Problem details
Write out the whole listing, matching it exactly.
=== Data below ===
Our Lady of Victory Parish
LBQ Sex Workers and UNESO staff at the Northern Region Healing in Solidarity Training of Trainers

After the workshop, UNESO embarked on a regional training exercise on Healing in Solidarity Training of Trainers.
===
Response box
Our Lady of Victory Parish
LBQ Sex Workers and UNESO staff at the Northern Region Healing in Solidarity Training of Trainers

After the workshop, UNESO embarked on a regional training exercise on Healing in Solidarity Training of Trainers.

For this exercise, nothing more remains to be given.